One Billion Row Challenge

One Billion Row Challenge
Published on 17.01.2026
Well before I get started, I'd like to mention that this was a challenge i took upon myself from the original java challenge. This is not the best solution, but it's the result of 10-12 hours of fun non-vibe coding. 

Problem

Given a text file with 1,000,000,000 rows of weather measurements in the form <station_name>;<temperature>, compute per station min, mean, and max temperature as fast as possible. And output the result in the form of a dictionary.

{StationA=min/mean/max, StationB=min/mean/max, ...}

Instructions to generate the dataset are on the original repo.

Rules (roughly)

Constraints
- No external libraries
- Single source file
- Computation must happen at runtime

Input format & limits
- Station name: non-null UTF-8 string, 1-100 bytes, no `;` or `\n`
- Temperature: non-null double in [-99.9, 99.9], exactly one fraction
- Max 10,000 unique station names
- Line endings are `\n` on all platforms
- Must support any valid station name and any data distribution

So bascially an aggreation of data points like how an OLAP database would do it. Ok so how do you even approach a problem like this? With an obvious naive approach ofcouse!

Naive v0

The first version of the code took around 142 seconds. It was a mess, but it worked and that's how it should be for the first version. Pseudocode:

for line in file:
    city, temp = line.split(";")
    stats[city].update(min, mean, max)

Now that you have something that works, you can start to optimize it. Meta steps are pretty simple:

1. Profile and measure
2. Optimize
3. Repeat

I was on linux machine and mostly used perf report to measure the performance. It has a nice TUI with how much cpu time is spent on each function. It also has assmebly view of the code with source along with it. You can see how exactly rust compiles and tweak things.

For benchmarking, I ran each version 5 times, removed the fastest and slowest runs, and averaged the remaining 3. All times mentioned below follow this approach.

oh i use(d) rust btw ;p

I'm still learning rust, so I'm not sure if its decent code or not, so feel free to judge.

mmap

The first optimization I tried was using mmap to map the file into memory. Instead of reading the full file into memory, we can map the file into virtual memory and let the OS handle page caching and fault lookups.

#[link(name = "c")]
unsafe extern "C" {
    fn mmap(
        addr: *mut std::ffi::c_void,
        len: usize,
        prot: i32,
        flags: i32,
        fd: i32,
        offset: i64,
    ) -> *mut std::ffi::c_void;
}
Since we cant use external libraries, we need to use the ffi to call the system call directly.

unsafe {
    // map file into virtual memory
    let ptr = mmap(
        ptr::null_mut(),        // let kernel choose address
        len,                    // map entire file
        PROT_READ,              // read-only (0x1)
        MAP_PRIVATE,            // private copy-on-write (0x2)
        file.as_raw_fd(),       // file descriptor
        0,                      // offset from start
    );

    // convert raw pointer to rust slice for easy access
    let data = slice::from_raw_parts(ptr as *const u8, len);
    
    // work with data...
}

And I kinda skipped calling munmap to avoid extra syscall.

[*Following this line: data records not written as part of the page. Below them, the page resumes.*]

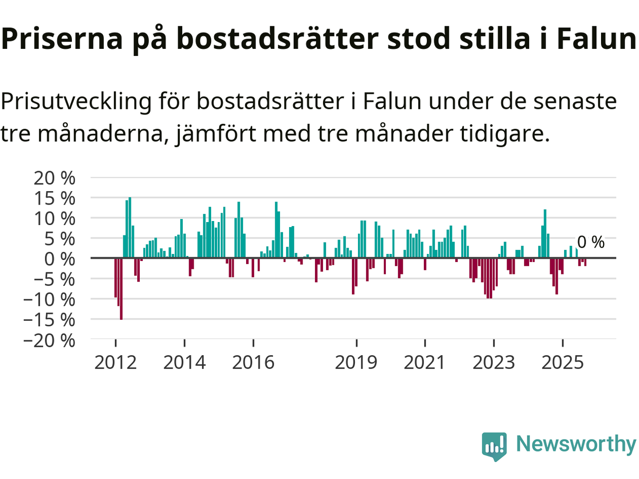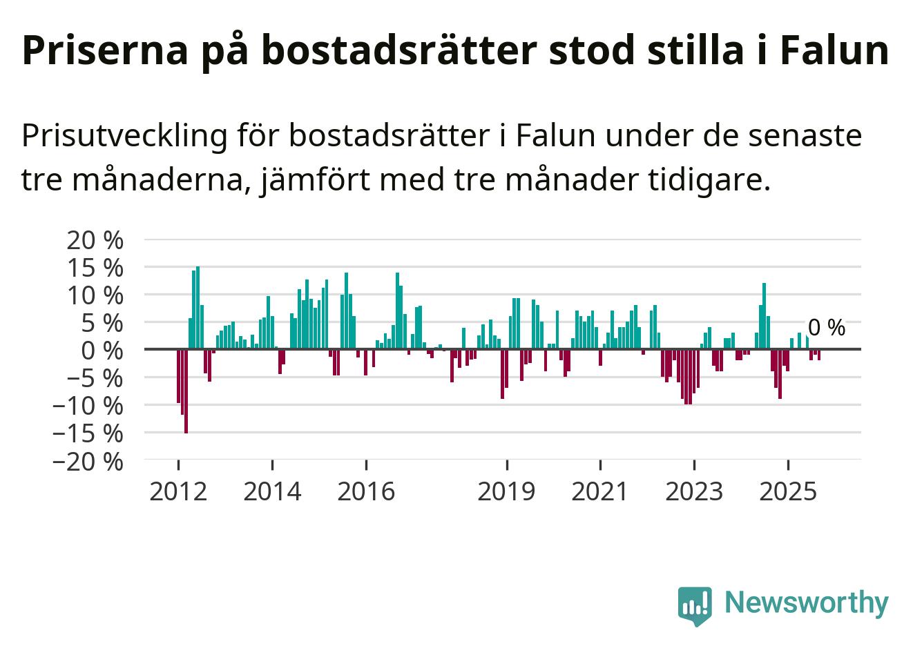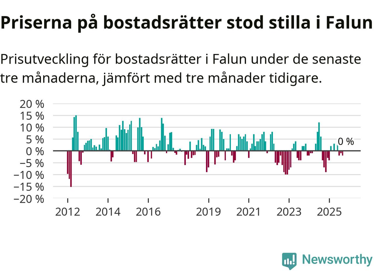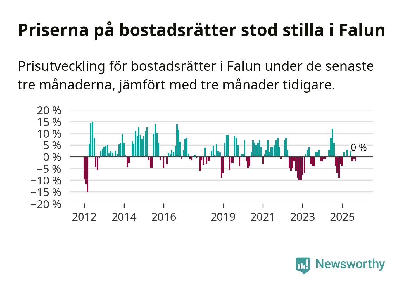 Priserna på bostadsrätter står i stort sett stilla i Falu kommun. Medelpriset på de på försäljningarna under de senaste tre månaderna låg på samma nivå som för tre månader sedan.
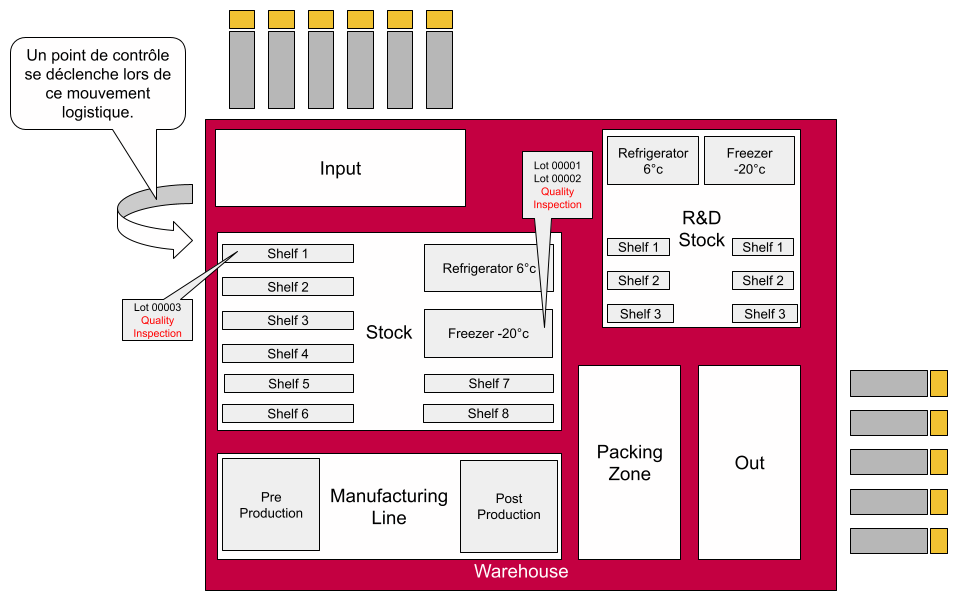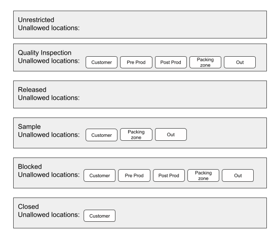 Following this configuration, a batch in the "Quality Inspection" status does not have access to delivery and production zones. However, it could be used in all stock and R&D zones.
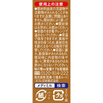 エネルギーやたんぱく質不足しがちなビタミンミネラル等の必要な栄養を少量の100mlサイズに凝縮した飲料タイプの栄養補助食品です。100mlなので負担が少なく飲みきることができます。アミノ酸ロイシンや高齢者に不足しがちなビタミンDを配合しカラダづくりをサポートします。豊富な栄養を一度に摂取できるので食事量が減りやすい高齢者や食事を摂りにくい要介護状態の方の栄養ケアにお役立ていただけます。
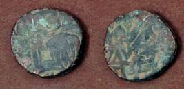 | Description / विवरण | Descrpn./Obv Recumbent bull facing left, wearing jhula (saddle cloth). Above, legend in Sarada script Sri Samantadeva (in cursive letters, mostly truncated and seen partially or off the flan). Descrpn./Rev Rider with lance on caparisoned horse facing right. |
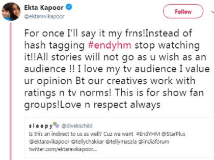मी लोकांना सांगू इच्छिते की, एंडवायएचएम मोहिम चालवण्याऐवजी ही मालिका पाहणे बंद करा. सर्व कथा प्रेक्षकांच्या आवडीच्या हिशेबाने दाखवता येत नाहीत. मी माझ्या टीव्ही प्रेक्षकांवर प्रेम करते़ त्यांच्या विचारांचा आदर करते. पण आमचे रचनात्मक काम टीव्ही रेटींग आणि मापदंडांनी चालते. हा शो चाहत्यांसाठी आहे़ प्रेम आणि आदर नेहमीसाठी़...असे या मालिकेचा विरोध करणा-यांना एकताने बजावले आहे.
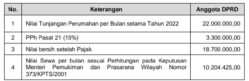 Berdasarkan Laporan Hasil Pemeriksaan (LHP) Badan Pemeriksa Keuangan (BPK) atas dokumen penetapan Tunjangan Perumahan Anggota DPRD Tahun 2022 diketahui bahwa penetapan besarnya Tunjangan Perumahan tidak diatur dalam standar satuan harga sewa rumah dinas Tahun 2022 yang dapat dijadikan acuan dalam menetapkan Tunjangan Perumahan Anggota DPRD.
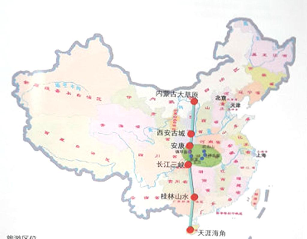 我国中西部南北旅游大通道,是指位于东经110℃的我国南北中轴线附近,涉及我国中西部的8个省、自治区、直辖市:内蒙古、陕西、重庆、湖北、湖南、广西、广东、海南,全长3千多公里。这条南北旅游大通道荟萃了世界级的旅游精品:内蒙古的成吉思汗陵、陕西的黄帝陵、兵马俑及西安古都景观、重庆和湖北的三峡、湖南的张家界、广西的桂林山水、海南的天涯海角。南北旅游大通道除西安市和海口市两个省会城市外,都是地处我国中西部结合处的经济欠发达地区的地级市,其面积和人口分别占到全国的6.1%和5.7%。这条南北旅游大通道是西部地区发展旅游促进区域经济发展的致富线,对于形成我国(东)中西部地区的南北经济带有着重要意义。

Life of a performance hacker.. 142s to 94s.

Fast Hashmap

I used HashMap from std library. But it was slow, so I wrote a tiny custom hasher. Rust's default hasher is cryptographically secure (SipHash), which is overkill for this use case.

I went with FNV-1a but with a twist - sample every alternate letter instead of hashing the entire city name. City names have enough entropy in alternate letters, and testing showed this was faster.

struct FastHasher(u64);
impl Hasher for FastHasher {
    fn write(&mut self, bytes: &[u8]) {
        let mut hash = 0xcbf29ce484222325;
        let mut i = 0;
        while i < bytes.len() {
            hash = (hash ^ bytes[i] as u64).wrapping_mul(0x100000001b3);
            i += 2;  // skip every other byte
        }
        self.0 = hash;
    }
}

Collision probability for city names with this approach is around 0.004% from quick napkin math on my dataset. Good enough for the dataset I generated(kinda cheating). Also pre-allocate hashmap capacity.

Raw bytes

At this point, the code looked like this:

let data = slice::from_raw_parts(ptr as *const u8, len);
let file_str = std::str::from_utf8(data).unwrap();

for (i, line) in file_str.lines().enumerate() {
    let mut parts = line.split(';');
    let city = parts.next().unwrap().to_string();
    let value = parts.next().unwrap().parse::().unwrap();
    // ... update stats
}

Converting the entire mmap'd data to a UTF-8 string upfront is wasteful. We're validating UTF-8 for the entire file and allocating strings for every city name. Instead, work directly with raw bytes.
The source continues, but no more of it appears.